Les pères à cœur ouvert

Un papa prend dans ses bras son fils handicapé.
@ Adobe Stock

BF : On parle souvent des mamans d’un enfant handicapé, on entend moins parler de la façon dont les papas vivent le handicap de leur enfant.

« Je suis une version bonifiée de moi-même. Louise a fait de moi un meilleur papa. Je suis plus attentif à chaque enfant, plus tolérant, moins égoïste… ». Il s’appelle Rémy, celui qui parle ainsi. Il est papa de deux enfants, dont l’ainée, Louise, est trisomique. C’est dans la revue Ombres & Lumière qu’il témoigne, dans un dossier passionnant, « les pères à cœur ouvert »,

BF : Que découvre-t-on dans ces cœurs de pères d’enfants malades ou handicapés ?

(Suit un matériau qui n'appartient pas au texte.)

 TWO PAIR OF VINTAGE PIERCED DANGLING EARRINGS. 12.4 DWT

On y découvre combien pour nombre de ces papas, l’irruption du handicap vient souvent balayer brutalement le scénario idéal qu’ils avaient imaginé, au point parfois de rejeter cet enfant : « Ma fille ne correspondait pas à l’image que je m’en faisais. J’ai eu peur ; je n’en voulais pas » témoigne Fabien Toulmé, auteur de la BD « ce n’est pas toi que j’attendais » chez Delcourt. Même si les premières réactions ne sont pas toujours aussi violentes, on constate que pour tous, le handicap vient brouiller la fonction paternelle. On sort de l’image trop répandue de l’homme fort qui assume en toutes circonstances… Comment tisser ce lien mis à rude épreuve au démarrage ? Comme si les pères avaient à adopter cet enfant tellement différent de ce qu’ils avaient envisagé. « On se sent amputé, on n’est pas papa comme on voudrait l’être » témoigne Philippe Idiartegaray, auteur de « Mon fils, ce petit héros », chez Salvator.

L’enfant handicapé fait souvent preuve d’un réel talent pour révéler à ce papa perdu comment exercer la paternité.

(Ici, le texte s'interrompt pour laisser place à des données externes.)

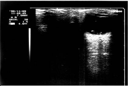 - examinarea ecografica realizata in ecografie tip A sau B, determina o localizare de precizie a corpului strain daca acesta are dimensiuni mai mari de 0,75mm (vezi plansa)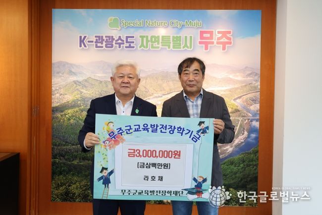 (한국글로벌뉴스 - 박소연 기자) 무주군 설천면에 소재한 ‘무주더맛집’, 산들애 식당이 (재)무주군교육발전장학재단에 장학금 3백만 원을 기탁했다.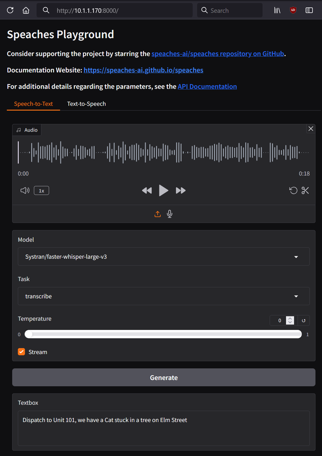 Note: For more information on the various Whisper options see the OpenAI Whisper API documentation. You can also use the Speaches Playground to Upload a call MP3 or WAV file from Trunking Recorder and generate a transcription of the audio. You can test various models to see which one works the best for your setup (accuracy, performance, hardware resources, storage, audio environment). If you want to test a new model you will have to download it first. See Model Discovery for more information.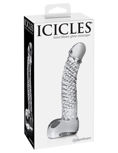 Perfect for beginners this elegant glass massager features a tapered tip to ease insertion and a pronounced head that hits all the right spots while the balls at the base offer an ultra-realistic experience. Cleverly curved for explosive G-Spot or P-Spot stimulation you will enjoy additional stimulation thanks to the swirly ribbed shaft.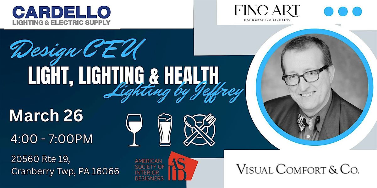 The evening will feature a CEU presentation by lighting expert Jeffrey R. Dross of Lighting by Jeffrey, focused on the powerful connection between lighting, health, and well being. Discover insights on how different types of light affect our daily lives, including mood, energy levels, and circadian rhythms. Learn how thoughtful lighting design can improve environments and support healthier, more comfortable living spaces. This engaging session offers practical ideas that designers and homeowners can use to create spaces that truly support how we live and feel. β¨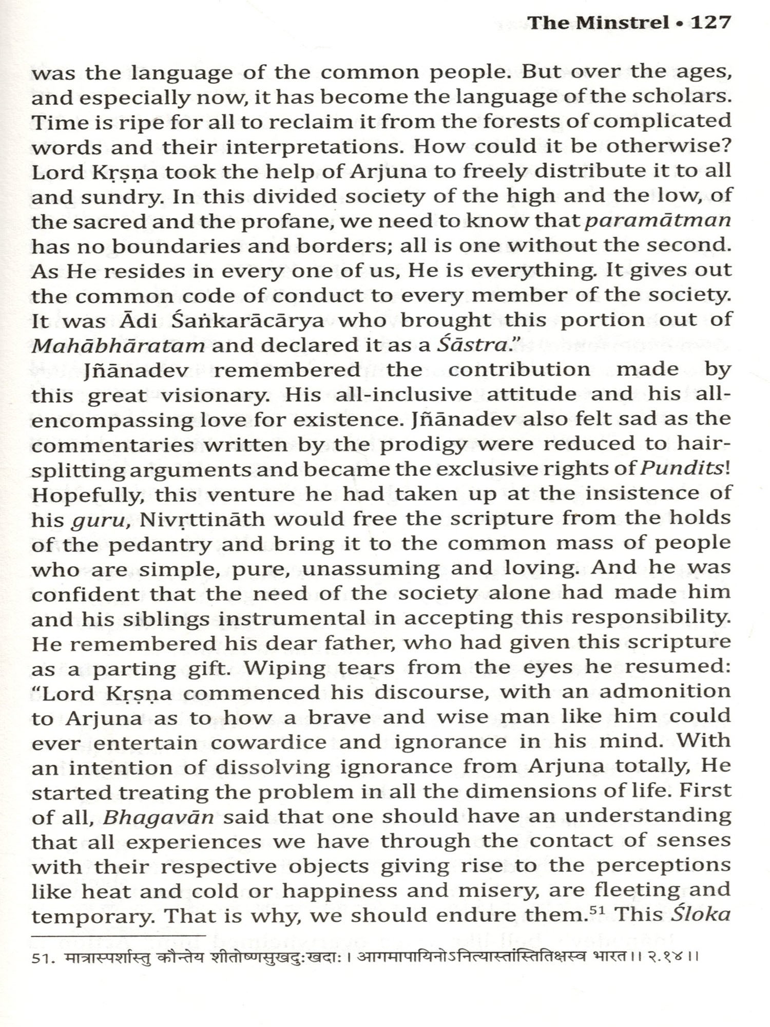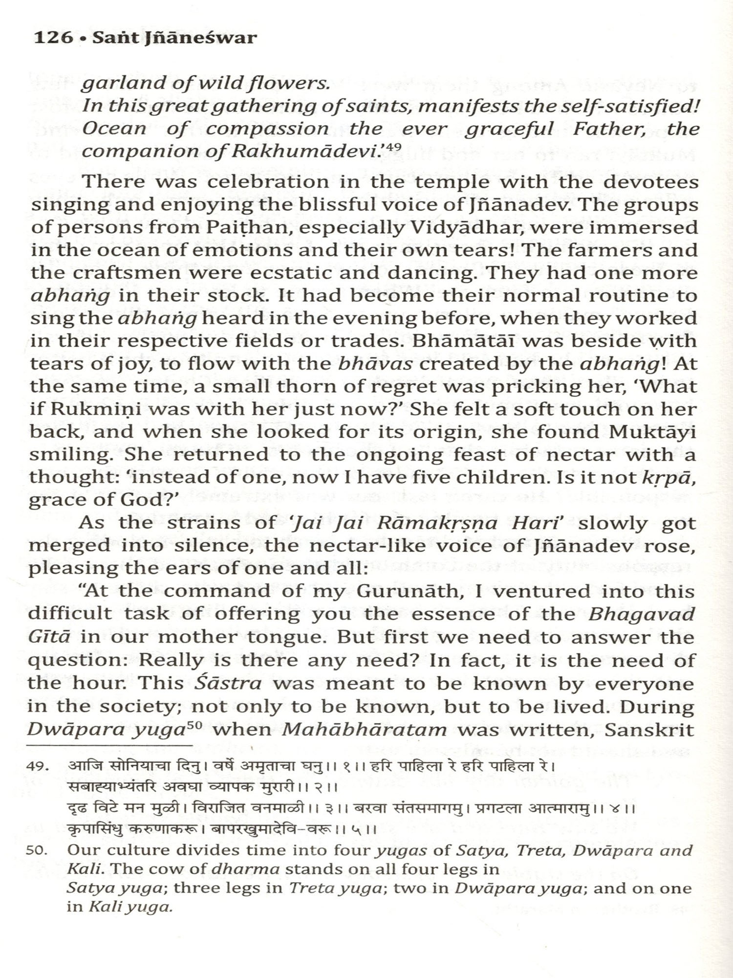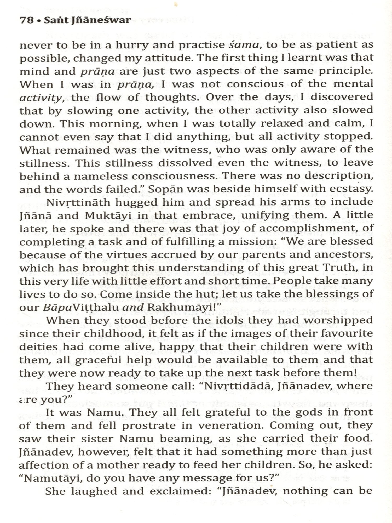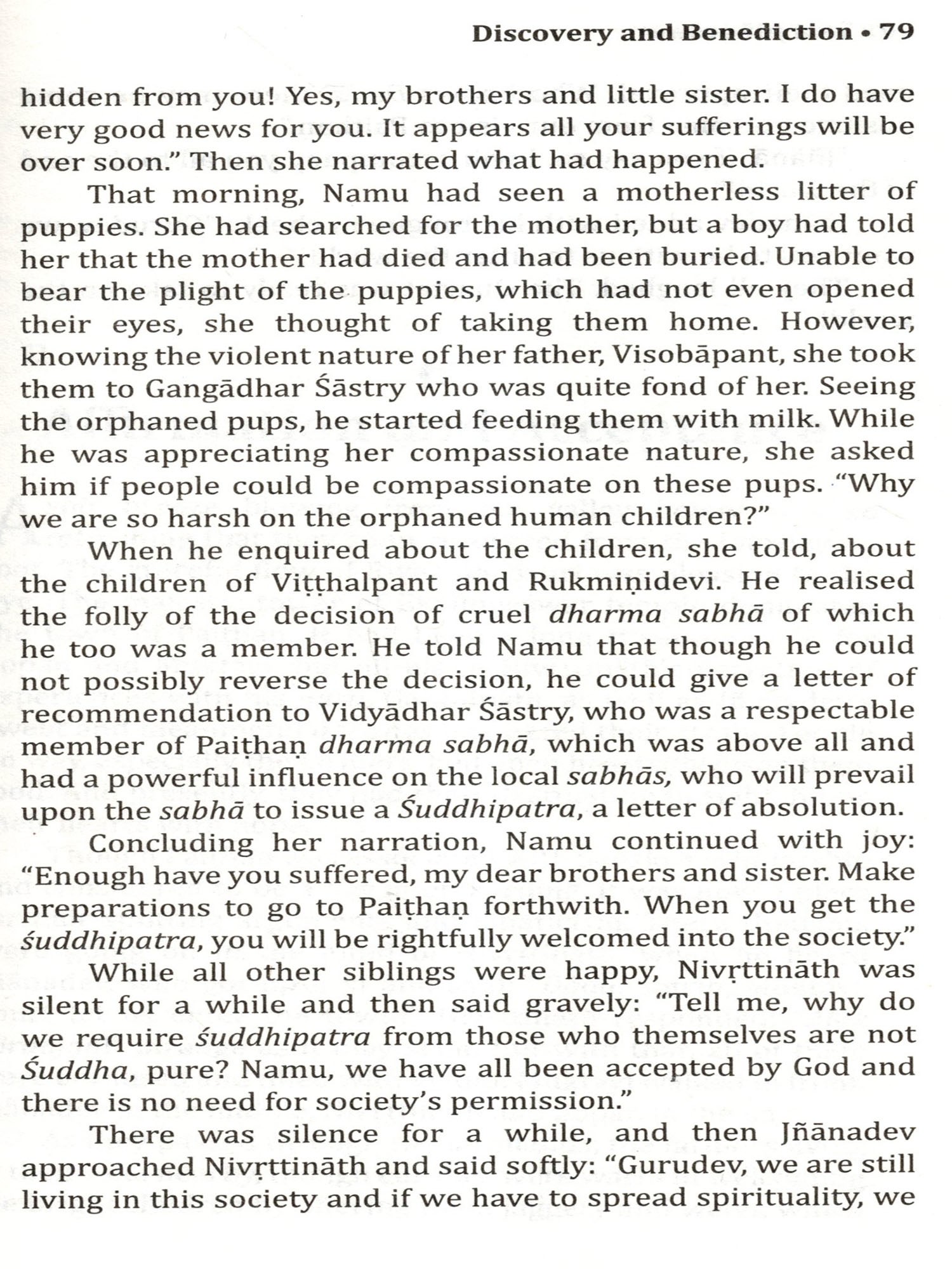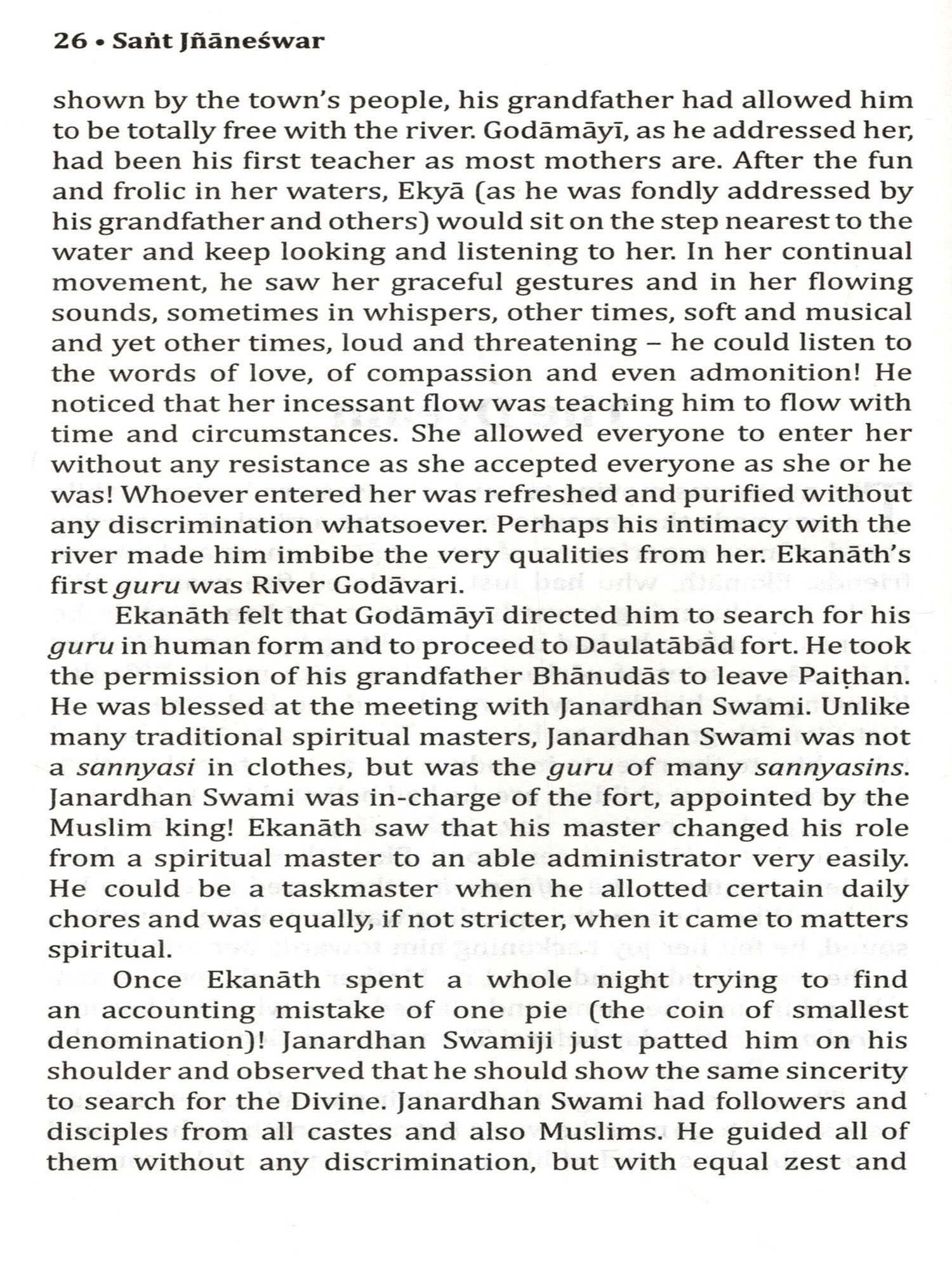 Life of Sant Jnaneswar, also known as Sant Jnanadev and his three saintly siblings Nivrttinath, Sopandev and Muktabai of the late thirteenth century forms a perfect background to understand and practice this wonderful path of Love. Though born in the community of Brahmins, they were ostracised from the society and persecuted. For their tender age, they exhibited indomitable grit not only to bear the tribulation willingly but to transform the negative feelings cascaded by the society into divine emotions of compassion and unbound love.

BF : mais alors comment font-ils pour tisser ce lien avec cet enfant si différent, au point de le nommer « mon héros »

C’est un lent chemin de rencontre et d’attachement mutuel, Valentin, où peu à peu, le handicap s’estompe pour laisser place à l’enfant. On découvre que l’enfant handicapé fait souvent preuve d’un réel talent pour révéler à ce papa perdu comment exercer la paternité : « J’ai désappris une façon d’être père, et je me suis laissé instruire par David » nous dit Philippe. Comme si ces enfants différents savaient tirer de ces cœurs de pères tout l’amour dont ils ne se croyaient pas capables : « il suscite en moi une bienveillance, une estime, et finalement une joie d’aimer incroyables » témoigne encore Philippe.

Mais ce chemin pour devenir père est semé d’embuches et de tentations, à commencer par celle de fuir. Nombre d’entre eux reconnaissent combien ils ont besoin des autres, et notamment de rencontrer d’autres papas d’un enfant handicapé, avec qui partager sans jugement aucun les doutes, les émotions, les larmes parfois, les questions aussi.

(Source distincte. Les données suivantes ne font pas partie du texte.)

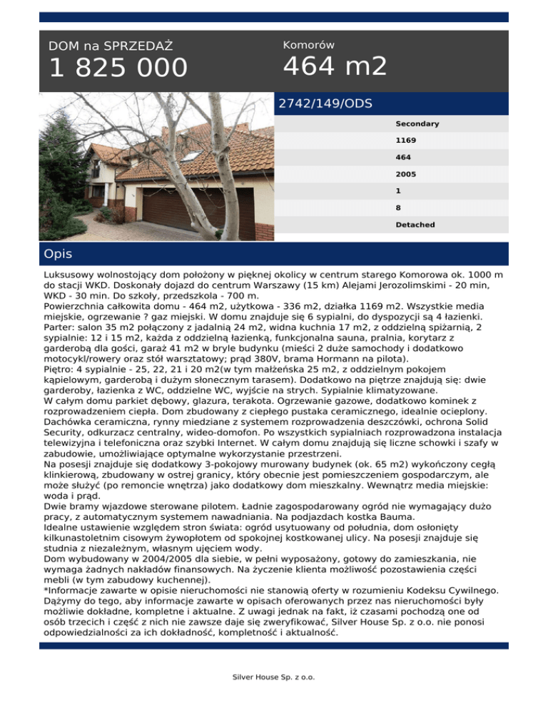 DOM na SPRZEDAŻ 1 825 000 Komorów 464 m2 2742/149/ODS Secondary 1169 464 2005 1 8 Detached Opis Luksusowy wolnostojący dom położony w pięknej okolicy w centrum starego Komorowa ok. 1000 m do stacji WKD. Doskonały dojazd do centrum Warszawy (15 km) Alejami Jerozolimskimi - 20 min, WKD - 30 min. Do szkoły, przedszkola - 700 m. Powierzchnia całkowita domu - 464 m2, użytkowa - 336 m2, działka 1169 m2. Wszystkie media miejskie, ogrzewanie ? gaz miejski. W domu znajduje się 6 sypialni, do dyspozycji są 4 łazienki. Parter: salon 35 m2 połączony z jadalnią 24 m2, widna kuchnia 17 m2, z oddzielną spiżarnią, 2 sypialnie: 12 i 15 m2, każda z oddzielną łazienką, funkcjonalna sauna, pralnia, korytarz z garderobą dla gości, garaż 41 m2 w bryle budynku (mieści 2 duże samochody i dodatkowo motocykl/rowery oraz stół warsztatowy; prąd 380V, brama Hormann na pilota). Piętro: 4 sypialnie - 25, 22, 21 i 20 m2(w tym małżeńska 25 m2, z oddzielnym pokojem kąpielowym, garderobą i dużym słonecznym tarasem). Dodatkowo na piętrze znajdują się: dwie garderoby, łazienka z WC, oddzielne WC, wyjście na strych. Sypialnie klimatyzowane. W całym domu parkiet dębowy, glazura, terakota. Ogrzewanie gazowe, dodatkowo kominek z rozprowadzeniem ciepła. Dom zbudowany z ciepłego pustaka ceramicznego, idealnie ocieplony. Dachówka ceramiczna, rynny miedziane z systemem rozprowadzenia deszczówki, ochrona Solid Security, odkurzacz centralny, wideo-domofon. Po wszystkich sypialniach rozprowadzona instalacja telewizyjna i telefoniczna oraz szybki Internet. W całym domu znajdują się liczne schowki i szafy w zabudowie, umożliwiające optymalne wykorzystanie przestrzeni. Na posesji znajduje się dodatkowy 3-pokojowy murowany budynek (ok. 65 m2) wykończony cegłą klinkierową, zbudowany w ostrej granicy, który obecnie jest pomieszczeniem gospodarczym, ale może służyć (po remoncie wnętrza) jako dodatkowy dom mieszkalny. Wewnątrz media miejskie: woda i prąd. Dwie bramy wjazdowe sterowane pilotem. Ładnie zagospodarowany ogród nie wymagający dużo pracy, z automatycznym systemem nawadniania. Na podjazdach kostka Bauma. Idealne ustawienie względem stron świata: ogród usytuowany od południa, dom osłonięty kilkunastoletnim cisowym żywopłotem od spokojnej kostkowanej ulicy. Na posesji znajduje się studnia z niezależnym, własnym ujęciem wody. Dom wybudowany w 2004/2005 dla siebie, w pełni wyposażony, gotowy do zamieszkania, nie wymaga żadnych nakładów finansowych. Na życzenie klienta możliwość pozostawienia części mebli (w tym zabudowy kuchennej). *Informacje zawarte w opisie nieruchomości nie stanowią oferty w rozumieniu Kodeksu Cywilnego. Dążymy do tego, aby informacje zawarte w opisach oferowanych przez nas nieruchomości były możliwie dokładne, kompletne i aktualne. Z uwagi jednak na fakt, iż czasami pochodzą one od osób trzecich i część z nich nie zawsze daje się zweryfikować, Silver House Sp. z o.o. nie ponosi odpowiedzialności za ich dokładność, kompletność i aktualność. Silver House Sp. z o.o. Andrzej Łukasiewicz tel. 502 36 26 16 tel. (22) 319 80 00 email: [email protected] Silver House Sp. z o.o. Powered by TCPDF (www.tcpdf.org)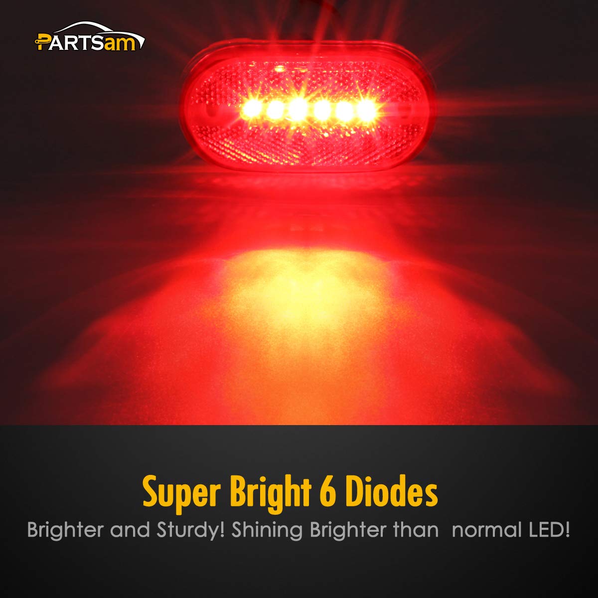 Partsam 5Pcs 12V 4 Inch Oblong Red Side Marker Clearance Lights 6 Diodes With Reflex Lens [Dot Certified] Surface Mount 2X4 Rect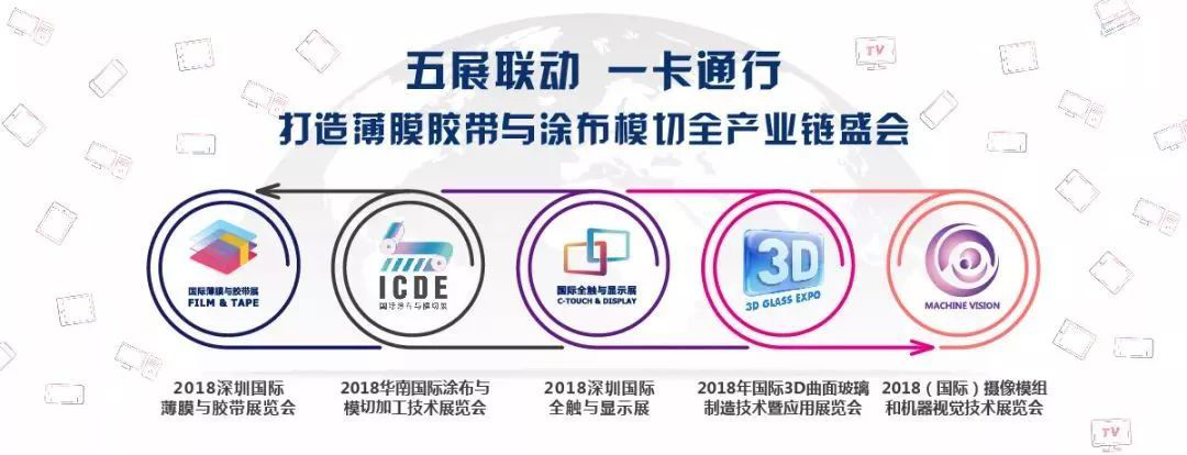 2018深圳國際薄膜與膠帶展覽會(FILM&TAPEEXPO)和2018華南國際涂布與模切加工技術展覽會(ICDE)提供從材料、設備、方案到研發制造,集中為電子光學、觸控顯示、印刷包裝、汽車醫療、五金家電、鋰電新能源提供完善的解決方案,匯聚來自電子行業,家電行業、塑膠行業、印刷行業、醫療行業,汽車行業等專業買家,洞察新品趨勢同時,實現供需雙方深度交流零障礙。

C’est pour cela que l’OCH propose à ces pères un week-end de rencontre. Il a lieu à Paris, ces 13 et 14 novembre. On peut encore s’y inscrire sur le site de l’OCH. Jamais facile pour un papa de se décider à sortir de lui-même pour venir à une telle rencontre. Alors, amis, épouses, aidez-le à faire le pas. C’est une occasion unique pour vivre cette expérience que Patrick a si bien résumée lors d’un précédent week-end : « Je suis venu à une rencontre de pères, je repars avec des frères ».